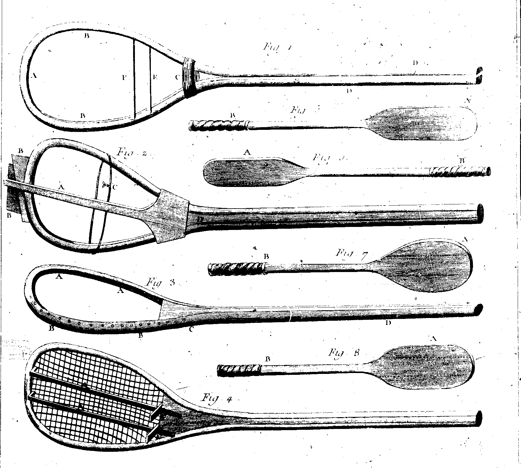 Late 18th-century illustration (badly over-exposed in this scan) of jeu de paume or "real tennis" paddle-bats (battoirs) and (in various stages of construction) strung racquets or triquets.
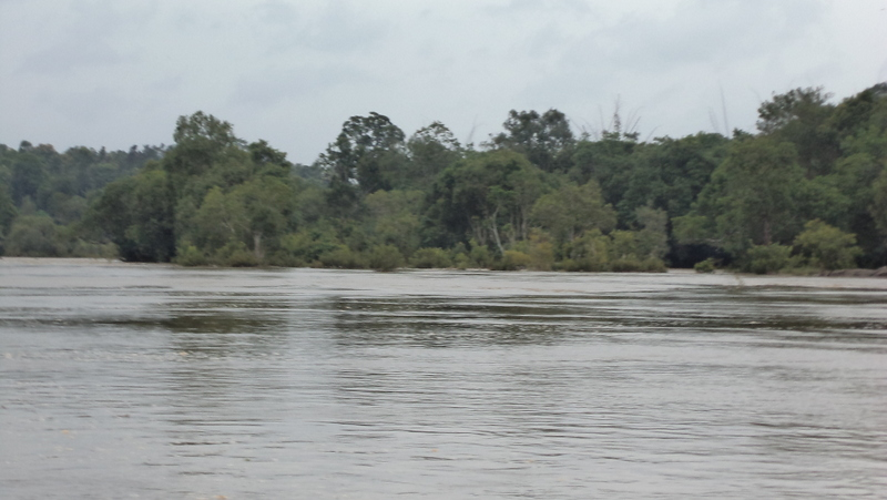 Kaveri river
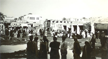 Qatif khamees market
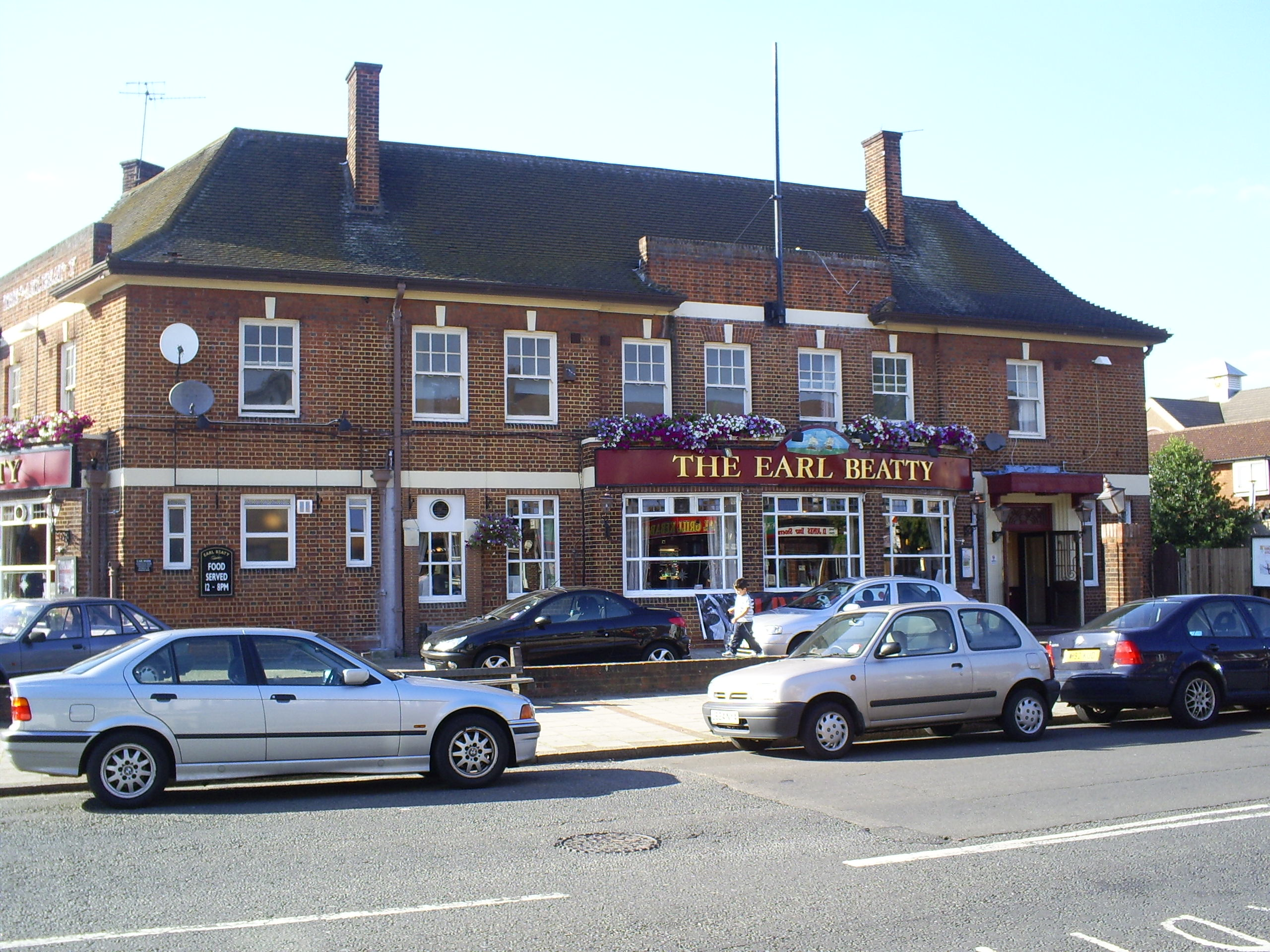 The Earl Beatty pub at Motspur Park in South West London.

# [PROBLEM DESCRIPTION]
Your answer must be an exact copy of the lines from the line with "Qatif khamees market" to the final line of the data, both ends included, and no pictures.

# [OUTPUT FOR THIS TASK]
 Qatif khamees market
 The Earl Beatty pub at Motspur Park in South West London.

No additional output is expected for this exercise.